━━ Data excerpt

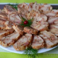 Рулет из цесарки с чеддером и вялеными томатами под соусом
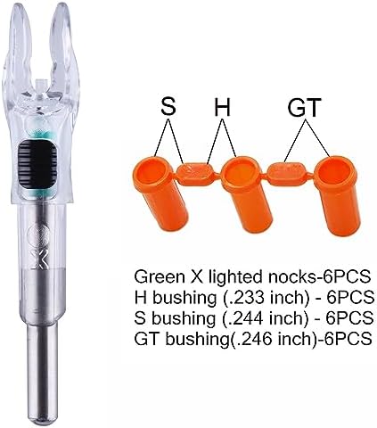 LEANPRO 6 PCS X Lighted Nocks for Arrows .204/.233/.244/.246 LED Nock Universal Fit for 5.2mm Arrows Archery Hunting (Green)
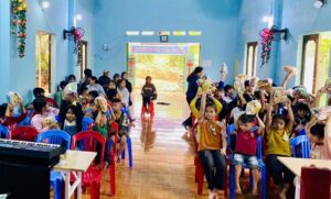 Các em Thiếu nhi cùng nhau sinh hoạt và nhận quà

━━━━

Your task:
Since the pictures are not wanted, transcribe only the rest of the material above, exactly as it stands.

Expected answer:
 Рулет из цесарки с чеддером и вялеными томатами под соусом
 LEANPRO 6 PCS X Lighted Nocks for Arrows .204/.233/.244/.246 LED Nock Universal Fit for 5.2mm Arrows Archery Hunting (Green)
 Các em Thiếu nhi cùng nhau sinh hoạt và nhận quà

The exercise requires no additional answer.